If imaginary frequencies are found, a displacement along the associated normal mode is a good starting point for a new optimization. In difficult cases, optimizations followed by frequency calculations may need to be repeated multiple times in order to find a genuine local minimum.
Such a composite calculation is provided by HQS Molecules
with the opt_with_hess
function. It repeats the Hessian and optimization calculations until no imaginary frequencies are found. If the maximum number of restarts (indicated by the max_restarts
keyword, 4 by default) is reached without converging to a minimum, an exception is raised by default.

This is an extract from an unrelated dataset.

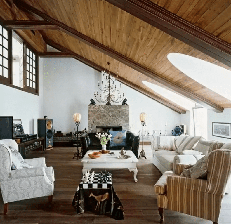 Второй этаж в квартире общественницы разместился на чердаке. Под скошенной крышей дизайнеры обустроили вторую гостиную.
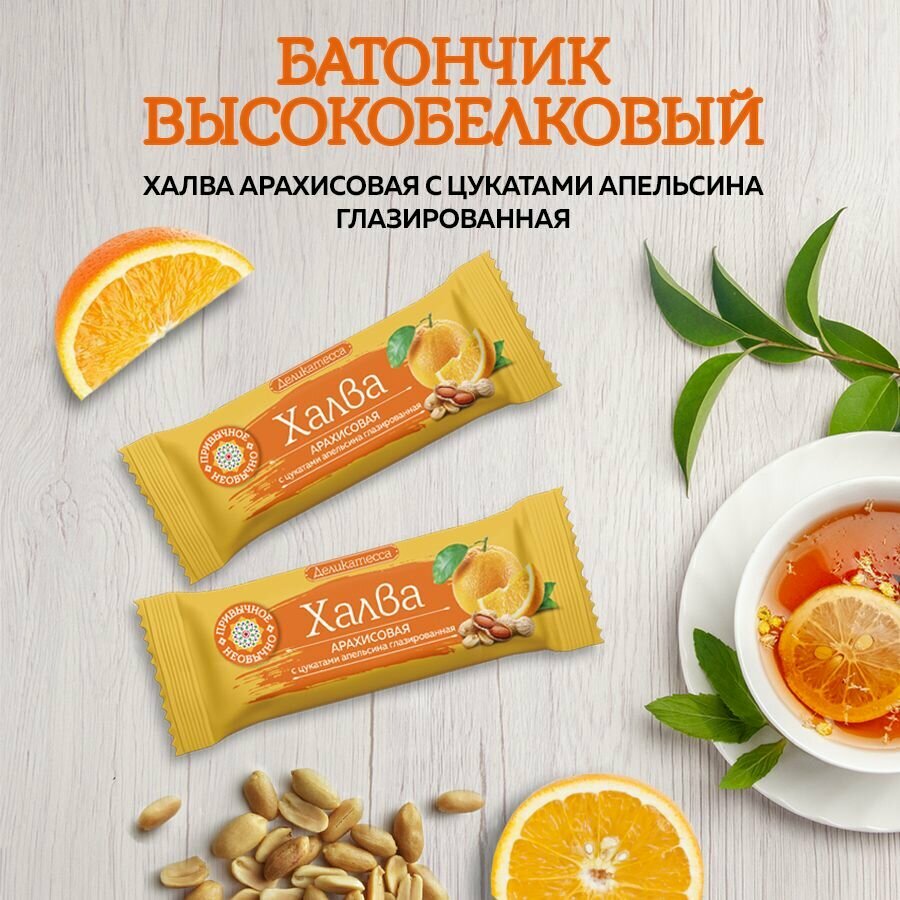 Батончик Халва арахисовая с цукатами апельсина глазированная 12шт по 50 гр. (Мишкино/Деликатеса) интересное:

The latter behavior can be altered by setting fail_with_saddle
to False
, in which case the non-converged trajectory is returned together
with the Hessian result from the lowest-energy structure. The latter can be obtained from the lowest
property
and can be used for a successive calculation.
Input
Since the function combines optimizations with frequencies, it requires the same arguments as the optimization
function, with an option to provide a temperature
argument (for the thermodynamic properties) and max_restarts
.
Output
The output of optimization with Hessian calculation is a tuple with a Trajectory
object (as for an optimization) and a
MolecularFrequencies
object (as for a frequency calculation). The trajectory concatenates the geometries and energies of all optimizations performed within the procedure. On the other hand, the MolecularFrequencies
object contains information for the converged geometry, determined by the overall lowest energy.
If fail_with_saddle
is set to False
, the analogous results from the possibly non-converged geometry may be returned.
Example
A simple call to this procedure can be made as exemplified below:
from hqs_molecules import opt_with_hess, xyz
molecule = xyz.read("input_geometry.xyz").to_molecule(charge=0, multiplicity=1)

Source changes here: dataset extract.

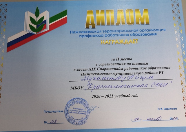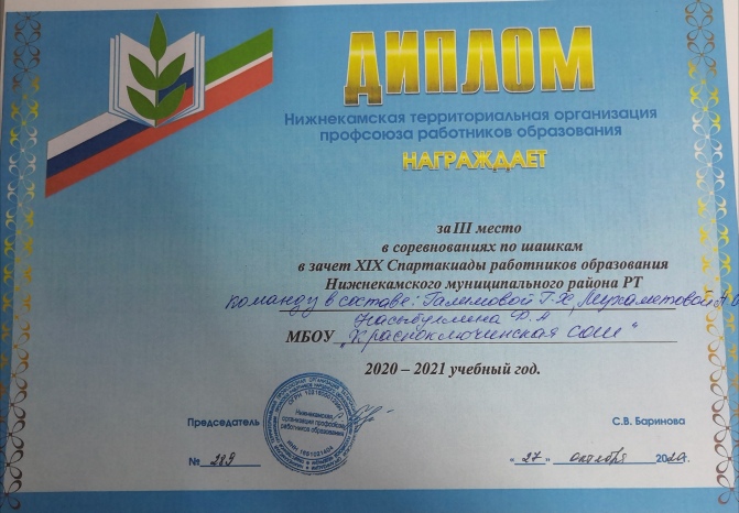Опубликовано: 10.11.20203 ноября 2020 года команда учителей Красноключинской школы в составе Насыбуллина Ф.А., Галимовой Г.Х. и Мухаметовой А.И. приняла участие в XIX Спартакиаде работников образования Нижнекамского муниципального района РТ по шашкам и заняла достойное 3 место! Поздравляем!!!![]()
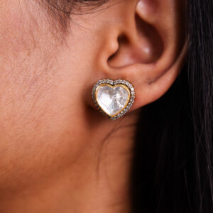 Like a whispered promise, these heart-shaped studs feature a luminous mozonite gently outlined by a fine shimmer of Swarovski crystals, creating an ethereal sparkle.

trajectory, frequency_data = opt_with_hess(molecule)
Biased Hessian
Hessian calculations for vibrational frequencies or thermochemical contributions are normally performed at stationary points of the potential energy surface. Therefore, the geometry optimization and the Hessian calculation need to be performed with the same method.
However, Spicher and Grimme proposed a method ("single-point Hessian") to calculate the Hessian for stationary points that were optimized with a different method. Therefore, the geometry can be optimized with a more expensive method, while xTB is used to obtain a quantity resembling the Hessian. In a nutshell, it employs the following steps:
- The input structure is re-optimized under application of a biasing potential, which constrains the atoms to remain close to their original positions.
- The Hessian is calculated at the new, slightly distorted geometry under the application of the biasing potential.
- Finally, the frequencies are re-scaled to reduce the impact of the biasing potential.
HQS Molecules
provides the function biased_hessian
to interface the described method in the xTB package. Its usage is analogous to the function frequencies
described above.